#### What you will do:
Pictures stay out; everything else in the listing below is to be restated word for word.

#### Data below:

┏━━

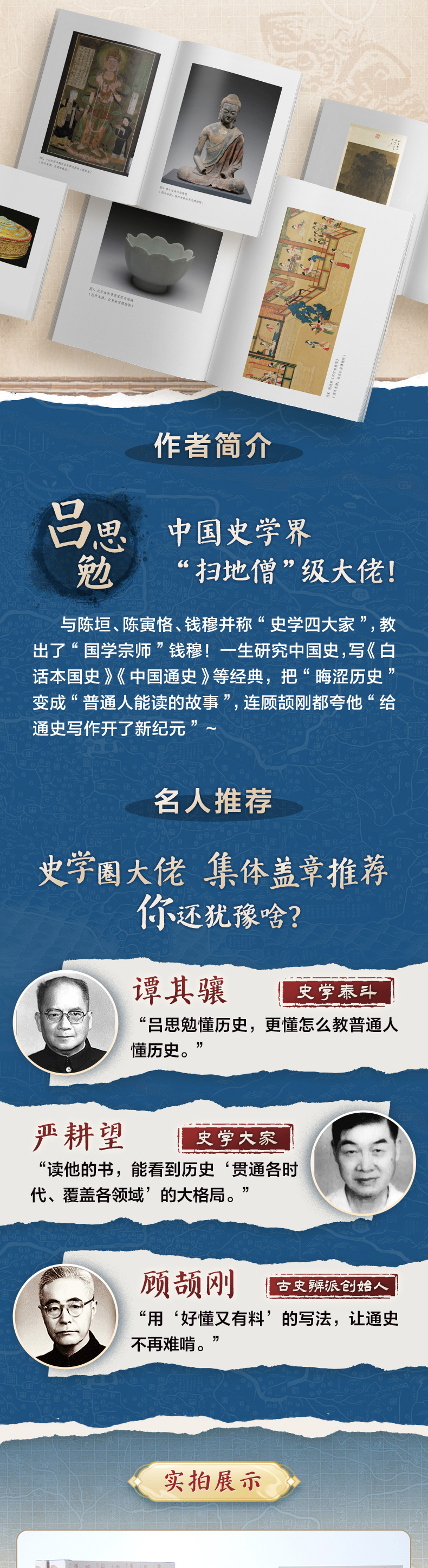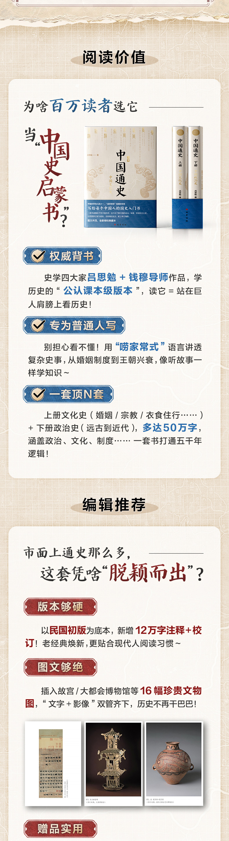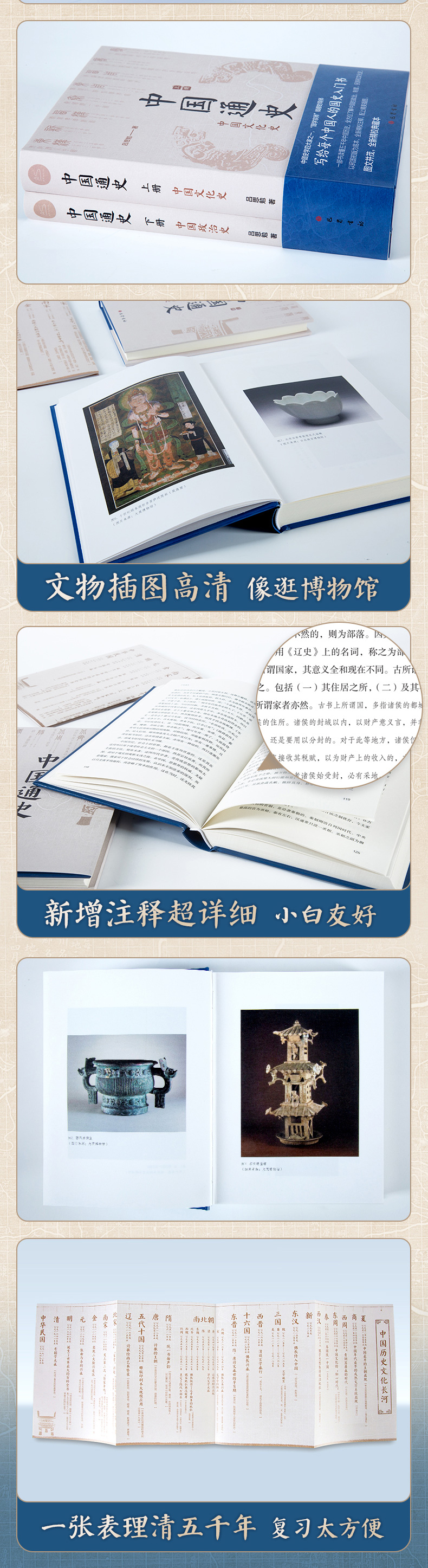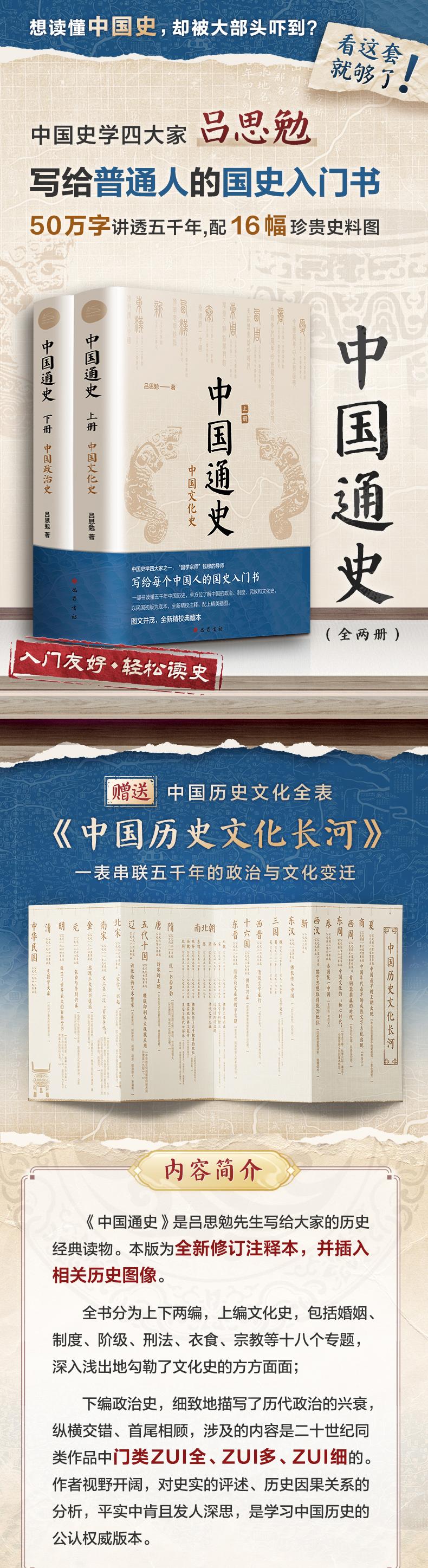 《中国通史》,是吕思勉先生写给大家的历史经典读物。本版为全新修订注释本,并插入相关历史图像。全书分为上下两编,上编文化史,包括婚姻、制度、阶级、刑法、衣食、宗教等十八个专题,深入浅出地勾勒了文化史的方方面面;下编政治史,细致地描写了历代政治的兴衰,纵横交错、首尾相顾,涉及的内容是二十世纪同类作品中门类最全、最多、最细的。作者视野开阔,对史实的评述、历史因果关系的分析,平实中肯且发人深思,是学习中国历史的公认权威版本。初本38万字,本版修订注解增补12万字,共50万字,644页。汇成一套全面、准确的吕著中国通史。并且插入故宫博物院、纽约大都会博物馆、大英博物馆等重点博物馆珍贵藏品影像,图文再现五千年历史的华彩。赠送中国历史文化全表--《中国历史文化长河》一表串联34个王朝的政治与文化变迁。"
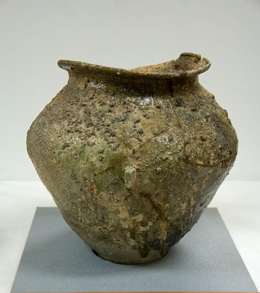 Echizen ware is notable for being fired without applied glazes, and it is often left undecorated. This jar may have toppled during firing, acquiring an uneven blanket of natural ash glaze, along with large cracks and encrustations from neighboring pots. Its relatively narrow foot likely contributed to the kiln accident that produced a long tear from base to rim and distorted the vessel’s overall form. Kiln debris remains fused to the surface, the foot, and even the interior, as seen in the X-ray. The natural ash glaze—rich in fluxes, or oxides that stimulate the liquidation of silica—melted fluidly over the stoneware body, forming rivulets that trace the flow of molten ash. These patterns allow conservators to reconstruct the jar’s orientation in the kiln and the moment of its collapse. .
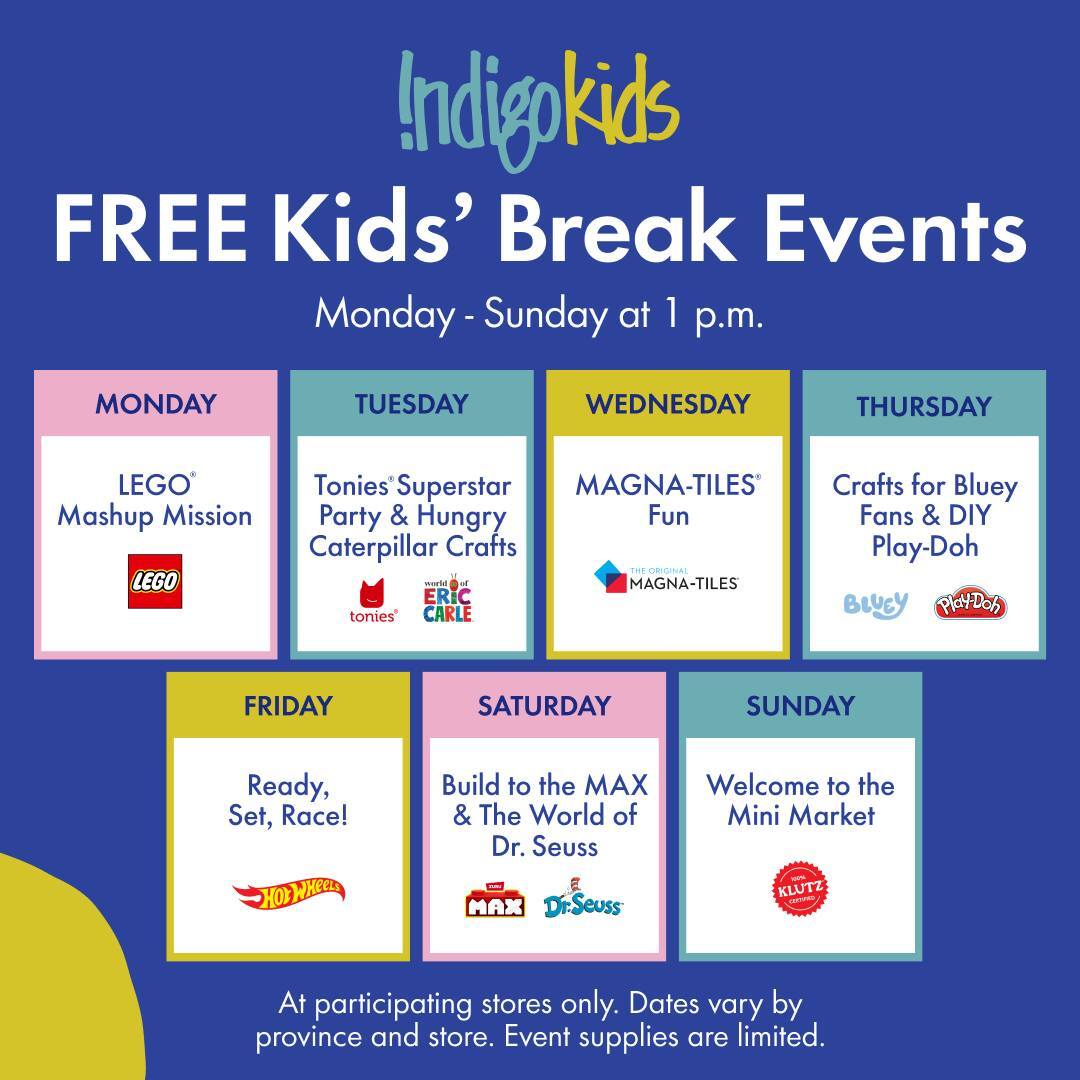 Indigo Barrie is hosting free Kids Break events this weekend. First come first served, event supplies are limited!

┗━━

#### Answer to the exercise:
 《中国通史》,是吕思勉先生写给大家的历史经典读物。本版为全新修订注释本,并插入相关历史图像。全书分为上下两编,上编文化史,包括婚姻、制度、阶级、刑法、衣食、宗教等十八个专题,深入浅出地勾勒了文化史的方方面面;下编政治史,细致地描写了历代政治的兴衰,纵横交错、首尾相顾,涉及的内容是二十世纪同类作品中门类最全、最多、最细的。作者视野开阔,对史实的评述、历史因果关系的分析,平实中肯且发人深思,是学习中国历史的公认权威版本。初本38万字,本版修订注解增补12万字,共50万字,644页。汇成一套全面、准确的吕著中国通史。并且插入故宫博物院、纽约大都会博物馆、大英博物馆等重点博物馆珍贵藏品影像,图文再现五千年历史的华彩。赠送中国历史文化全表--《中国历史文化长河》一表串联34个王朝的政治与文化变迁。"
 Echizen ware is notable for being fired without applied glazes, and it is often left undecorated. This jar may have toppled during firing, acquiring an uneven blanket of natural ash glaze, along with large cracks and encrustations from neighboring pots. Its relatively narrow foot likely contributed to the kiln accident that produced a long tear from base to rim and distorted the vessel’s overall form. Kiln debris remains fused to the surface, the foot, and even the interior, as seen in the X-ray. The natural ash glaze—rich in fluxes, or oxides that stimulate the liquidation of silica—melted fluidly over the stoneware body, forming rivulets that trace the flow of molten ash. These patterns allow conservators to reconstruct the jar’s orientation in the kiln and the moment of its collapse. .
 Indigo Barrie is hosting free Kids Break events this weekend. First come first served, event supplies are limited!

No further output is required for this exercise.